▶ _RECORDED DATA_:
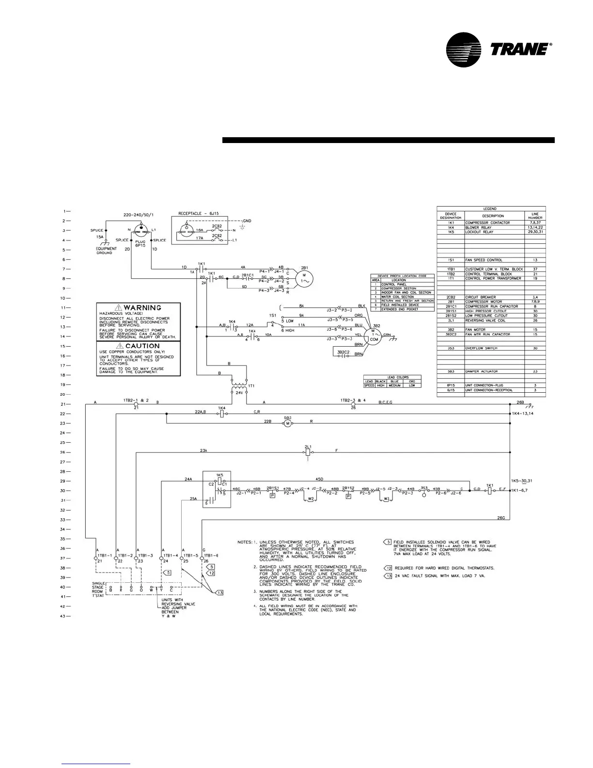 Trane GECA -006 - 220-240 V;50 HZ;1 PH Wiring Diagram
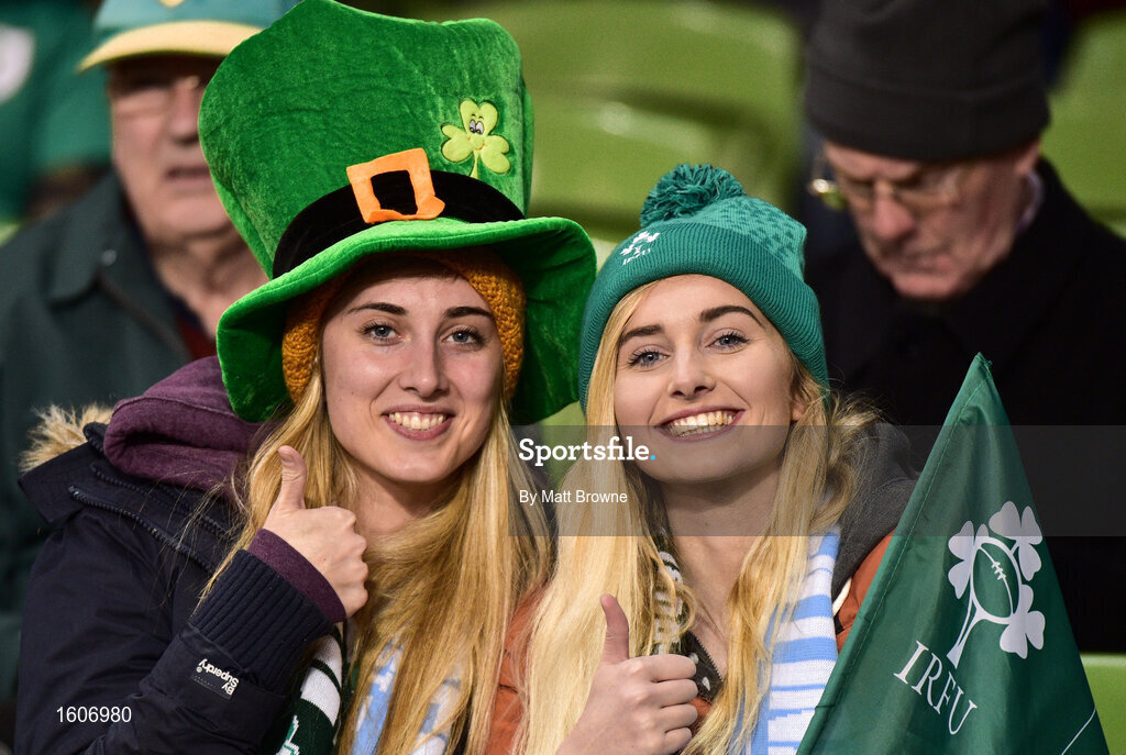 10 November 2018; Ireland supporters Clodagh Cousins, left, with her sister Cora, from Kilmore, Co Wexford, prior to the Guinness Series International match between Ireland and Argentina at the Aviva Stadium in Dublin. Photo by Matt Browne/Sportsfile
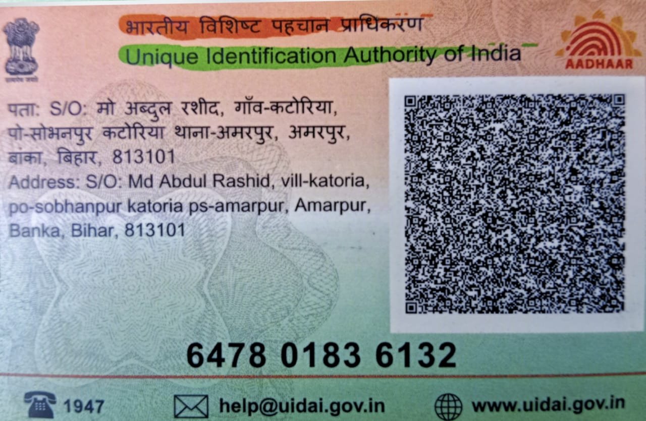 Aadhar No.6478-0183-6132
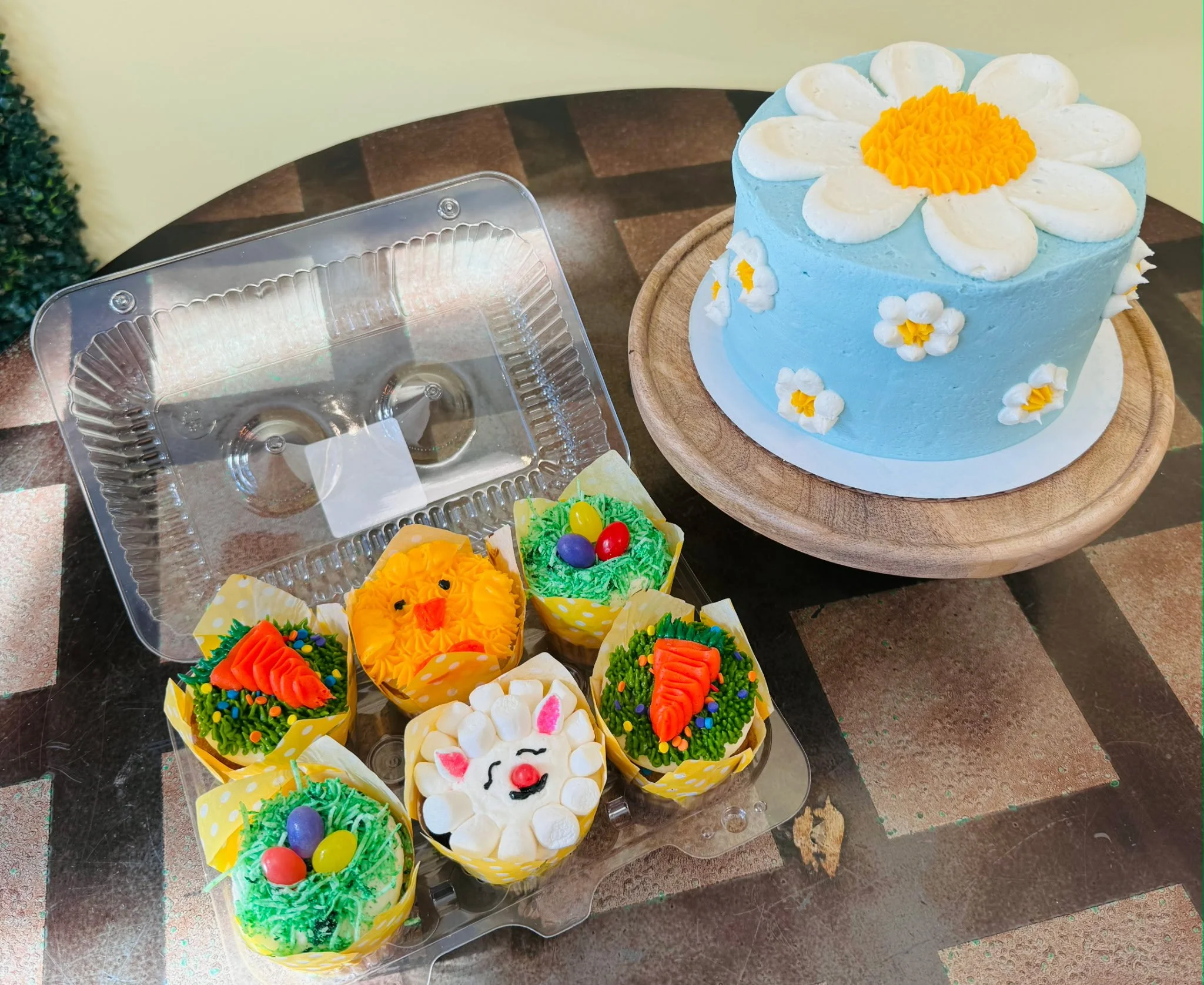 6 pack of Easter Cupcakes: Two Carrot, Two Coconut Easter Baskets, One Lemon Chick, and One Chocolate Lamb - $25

* * *

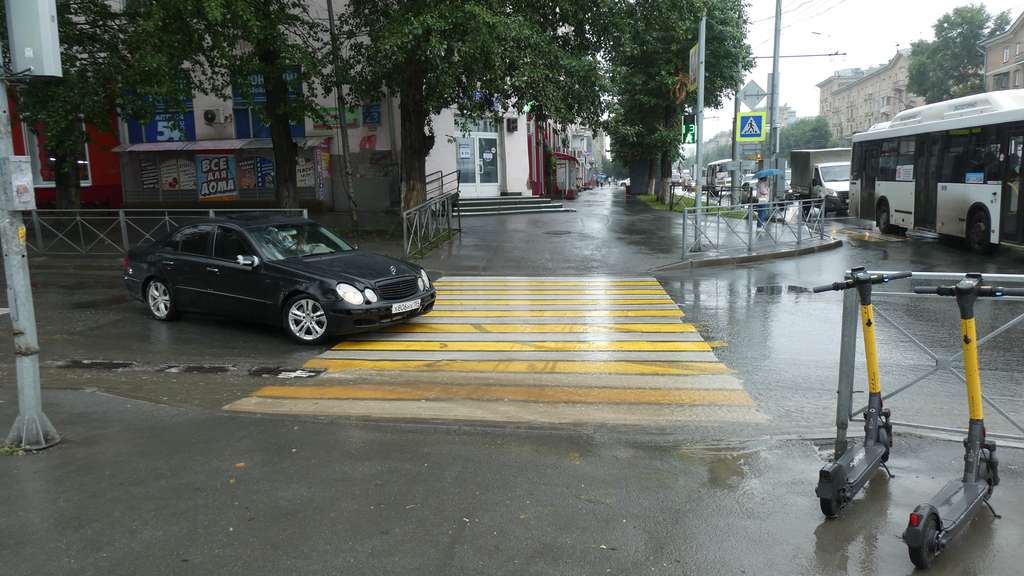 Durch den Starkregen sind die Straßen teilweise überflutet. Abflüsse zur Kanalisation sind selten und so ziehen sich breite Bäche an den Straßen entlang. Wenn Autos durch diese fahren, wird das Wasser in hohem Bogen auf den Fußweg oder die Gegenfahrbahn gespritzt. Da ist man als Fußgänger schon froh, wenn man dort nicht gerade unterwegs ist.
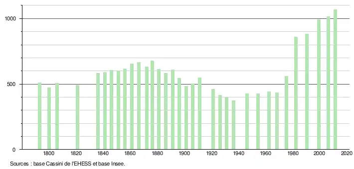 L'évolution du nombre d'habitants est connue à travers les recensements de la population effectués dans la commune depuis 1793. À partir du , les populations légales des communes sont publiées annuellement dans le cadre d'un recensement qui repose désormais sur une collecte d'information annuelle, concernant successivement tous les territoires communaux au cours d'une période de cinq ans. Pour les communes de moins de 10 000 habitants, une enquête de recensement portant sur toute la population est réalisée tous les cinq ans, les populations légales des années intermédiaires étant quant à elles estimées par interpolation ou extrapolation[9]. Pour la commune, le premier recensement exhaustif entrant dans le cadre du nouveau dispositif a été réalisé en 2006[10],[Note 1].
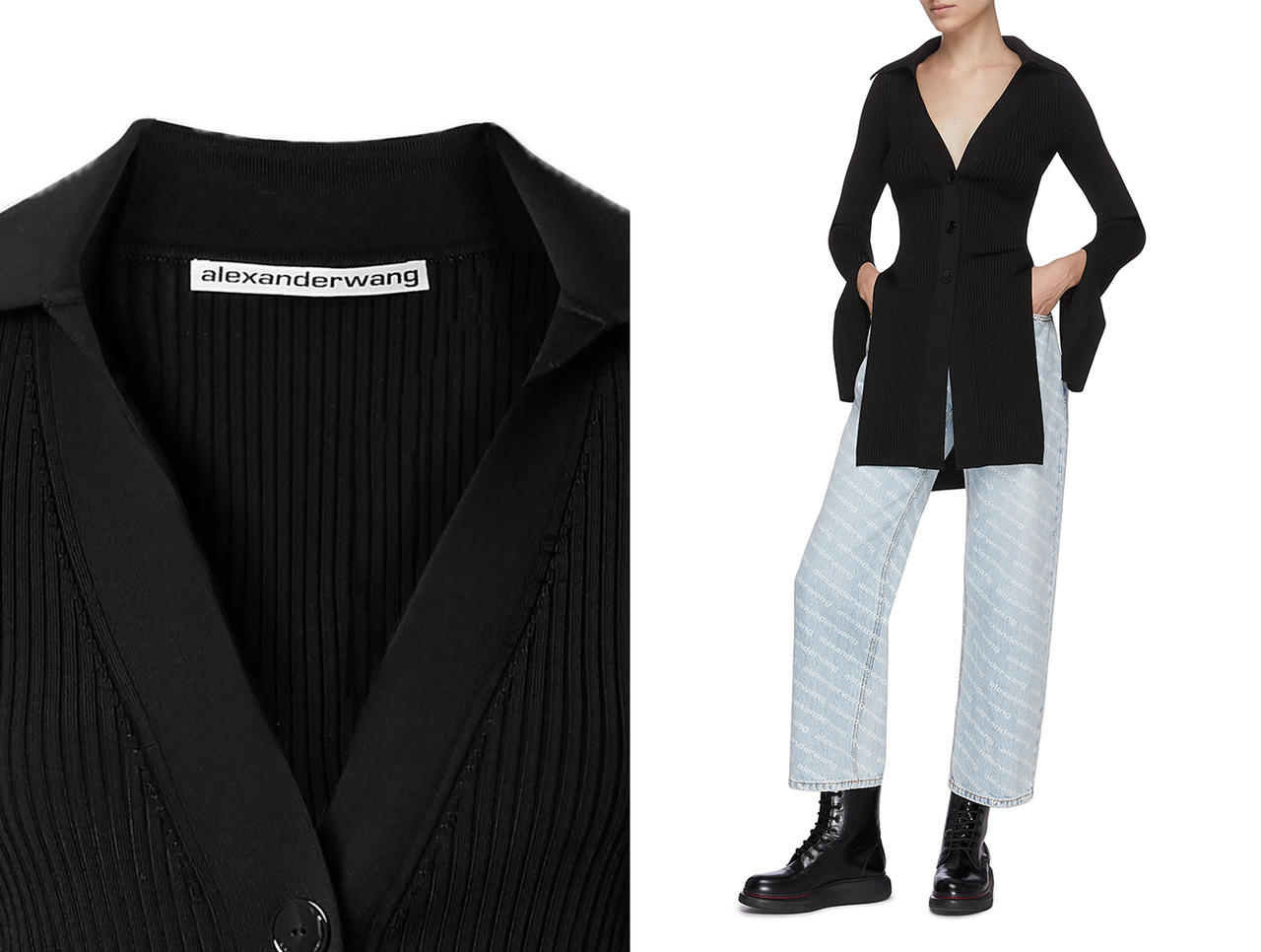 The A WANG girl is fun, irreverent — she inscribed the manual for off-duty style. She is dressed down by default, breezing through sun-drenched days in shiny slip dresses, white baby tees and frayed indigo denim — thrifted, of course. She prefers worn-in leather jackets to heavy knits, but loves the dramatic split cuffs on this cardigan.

▶ _EXERCISE OBJECTIVE_: Range to copy from the listing above: the line containing "Trane GECA -006" down to the line containing "6 pack of Easter", both included. Reproduce it exactly, minus the pictures, and add nothing.

▶ _WRITTEN RESPONSE_:
 Trane GECA -006 - 220-240 V;50 HZ;1 PH Wiring Diagram
 10 November 2018; Ireland supporters Clodagh Cousins, left, with her sister Cora, from Kilmore, Co Wexford, prior to the Guinness Series International match between Ireland and Argentina at the Aviva Stadium in Dublin. Photo by Matt Browne/Sportsfile
 Aadhar No.6478-0183-6132
 6 pack of Easter Cupcakes: Two Carrot, Two Coconut Easter Baskets, One Lemon Chick, and One Chocolate Lamb - $25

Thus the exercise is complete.